# make and makefile (Help!)



## Zeus (Sep 30, 2005)

Hi,
i've found a useful PAM module (is basically a C code). thereis no configure script and make fails.
is there anyone can put me on the right way ?

Here is the project page:
http://www.hexten.net/pam_abl/

and
Here is the souce code
http://www.hexten.net/assets/pam_abl-20050110-0.2.2.tar.gz


----------



## nixgeek (Sep 30, 2005)

Try using Fink.

http://fink.sourceforge.net


----------



## Zeus (Sep 30, 2005)

mmm ... 
there is no project matching this name in Fink.

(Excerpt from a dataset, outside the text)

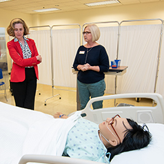 Karen Clark, dean of the School of Nursing and Health Sciences, led the tour through the nursing laboratories along with Shelly Burns and Gloria Dixon, clinical assistant professors.

... any way ... i think this is a Linux specific module and can't be ported to *BSD without code optimization.
it's not a makefile related problem


----------



## nixgeek (Sep 30, 2005)

Have you tried adding the necessary files to compile this module using Fink?  You could also install the developer tools that come with the Mac OS X install CDs.  They include a lot of the BSD subsystem as well as GCC and Xcode.


----------



## Zeus (Sep 30, 2005)

yes ... but ... it doesn't work.

:-(


----------



## nixgeek (Sep 30, 2005)

Are you doing this through the terminal?  That is how you have to run fink...unless you use FinkCommander which is a front end to it.

http://finkcommander.sourceforge.net/


----------



## Zeus (Sep 30, 2005)

yes ... i've installed the Commandline version .... 

do you think i 've to try the GUI frontend ??


----------



## AndyArmstrong (Oct 1, 2005)

I'm the author of pam_abl. It won't currently work with the BSD PAM implementation - it's Linux only. Making it work on BSD and hence Darwin / OSX is on the to-do list 

I'm a Mac user myself so there's definitely a strong chance I'll actually get round to it...


----------



## Zeus (Oct 1, 2005)

Hi Andy,
please let us know when this wonderful piece of soft will be mac-compatible

Thanks


----------